The third disc contains the rest of the second set, the encore, and one song from the previous night. The disc opens with “He’s Gone,” which at that time had an air of melancholy because Pigpen had died earlier in the year. There is something pretty about this version as it begins, in part because of what Keith is doing on keys. And the lyrics are delivered with tenderness. I love that vocal section near the end. This is an excellent version of “He’s Gone,” and it leads straight into “Truckin’” to get everyone moving (and, yeah, the crowd cheers the mention of New York). They keep the energy cracklin’ during the jam as they push the walls outward. And hey, is it just me, or are there signs of the future “I Need A Miracle” in there? “Not Fade Away” has a great amount of energy, as you’d expect, and the band really jams on it. Nothing spacey, just a great, wild, solid jam, which then eases into “Goin’ Down The Road Feeling Bad.” Oh yes, so good. And they really belt out the lyrics at the end, before going back into “Not Fade Away” to wrap up the second set, with Bob screaming.

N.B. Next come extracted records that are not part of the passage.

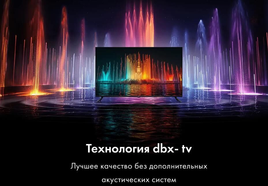Технология экрана LED Разрешение 4K UHD 3840 x 2160 Тип подсветки Direct LED Диагональ 43" Соотношение сторон 16:9 Частота обновления (Гц) 60 Время отклика (мс) 6.5 Яркость (кд/м?) 250 Статическая контрастность 5000:1 Угол обзора ° 178/178 Smart TV Да Операционная система Android TV 14.0 Поддержка YouTube Да Поддержка Google Play Store Да Голосовой поиск Да HDR-Dolby Vision Нет Цифровое шумоподавление Да MEMC Да HDR 10 Да Upscaling 4K UHD Да Тип колонок Стерео Суммарная выходная мощность аудио (Вт) 20 Dolby Atmos Нет Эквалайзер Да DBX-TV Да Объемный звук Да Dolby Digital Decoding Да HDMI ARC Да Wi-Fi® встроенный Да Версия Wi-Fi, ГГц 5 Ethernet вход 1 Bluetooth 5.1 Энергопотребление, Вт 120 DVB-T Да DVB-T2 Да DVB-C Да DVB-S Да DVB-S2 Да Система аналогового ТВ PAL/SECAM
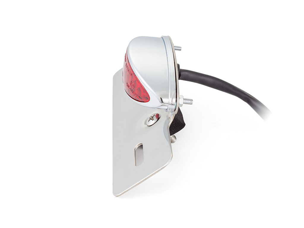 LED rotes Rücklicht mit Kennzeichenhalter. Robuste Lampe mit Bremslicht. Schöne Alternative zu den beliebten Atomic-Rückleuchten.
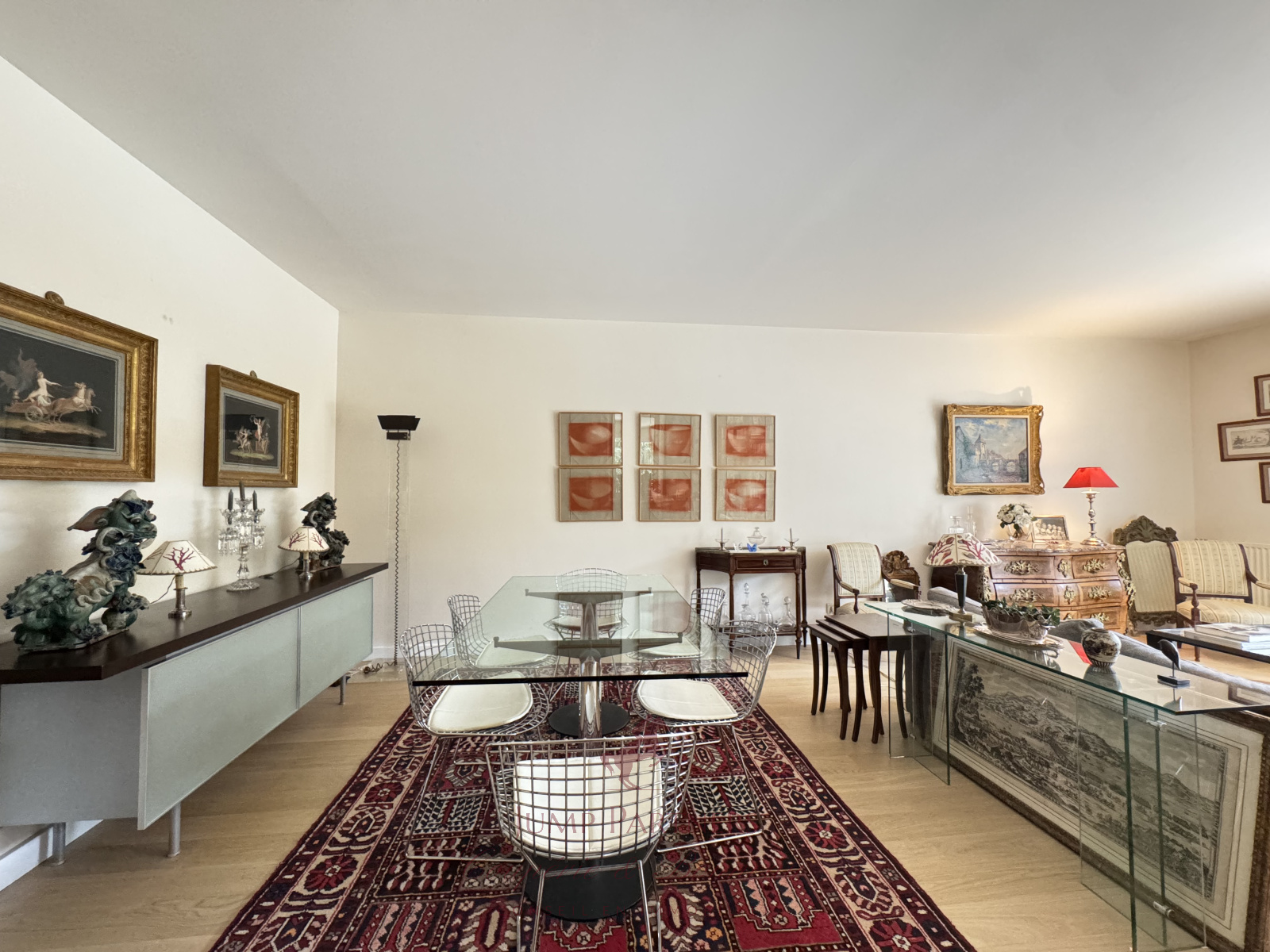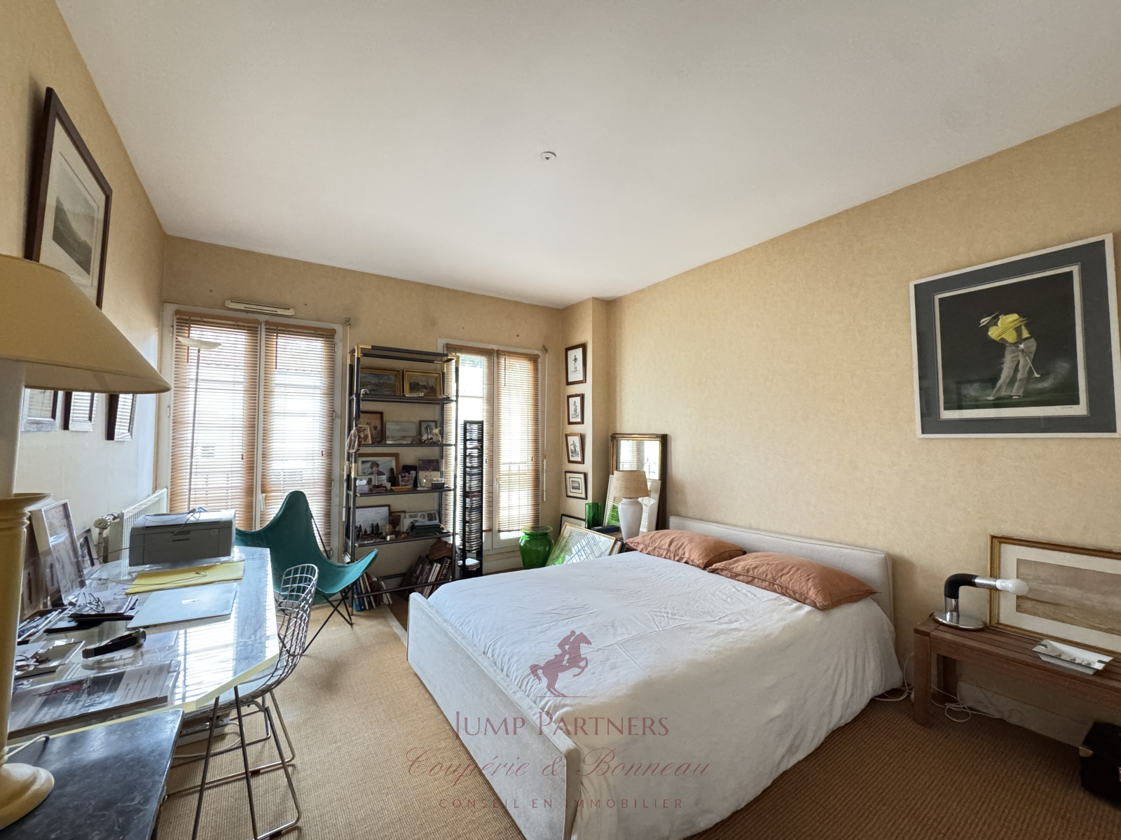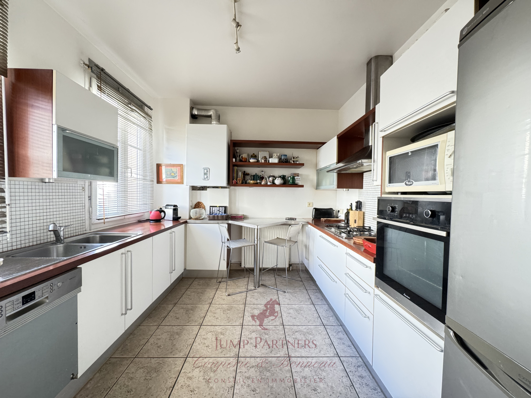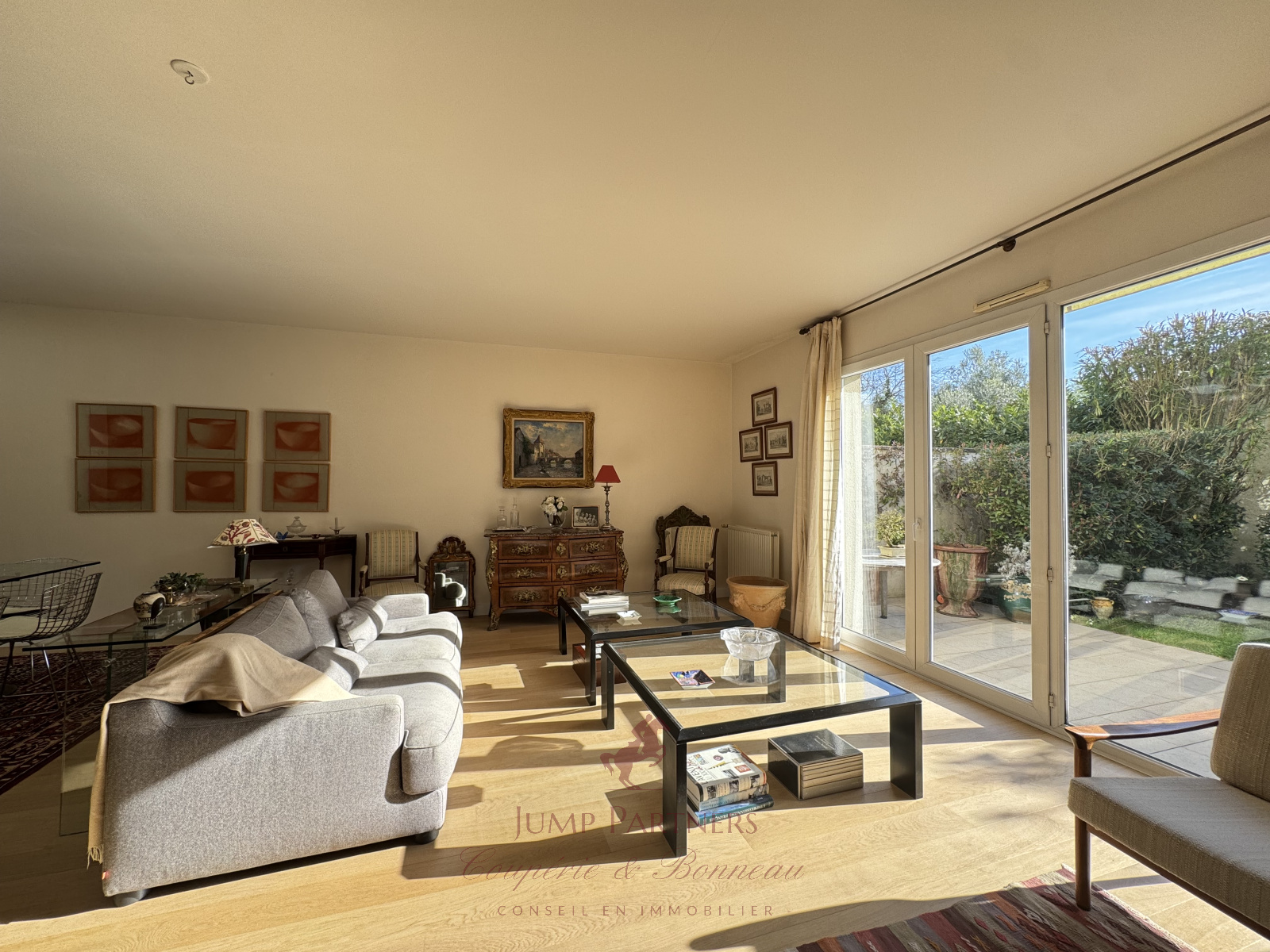 Elle dispose d’une cuisine indépendante et d’un vaste double séjour lumineux ouvrant sur le jardin.

The audience was treated to a two-song encore that night. The first is a beautiful, contemplative version of “Stella Blue.” “It seems like all this life/Was just a dream.” The second is “One More Saturday Night” to send everyone out dancing. Was it a Saturday night? You bet it was. The third disc then finishes with the last song of the first set from the previous night, a nice, long “Playing In The Band,” featuring some fantastic jamming. Basically everything you want from “Playing” is here. The jam really cooks for a while, then gets into more spacey territory just before returning to the main body of the song.

CD Track List

Disc 1

  1. Bertha
  2. Me And My Uncle
  3. Sugaree
  4. Beat It On Down The Line
  5. Tennessee Jed
  6. Looks Like Rain
  7. Brown-Eyed Women
  8. Jack Straw
  9. Row Jimmy
  10. Weather Report Suite

Disc 2

  1. Eyes Of The World >
  2. China Doll
  3. Greatest Story Ever Told
  4. Ramble On Rose
  5. Big River
  6. Let Me Sing Your Blues Away
  7. China Cat Sunflower >
  8. I Know You Rider
  9. El Paso
  10. Bird Song

Disc 3

  1. He’s Gone >
  2. Truckin’ >
  3. Not Fade Away >
  4. Goin’ Down The Road Feeling Bad >
  5. Not Fade Away
  6. Stella Blue
  7. One More Saturday Night
  8. Playing In The Band

Dave’s Picks Volume 38 was released in early May 2021. My copy arrived on May 3rd. This release is limited to 25,000 copies (mine is number 6976).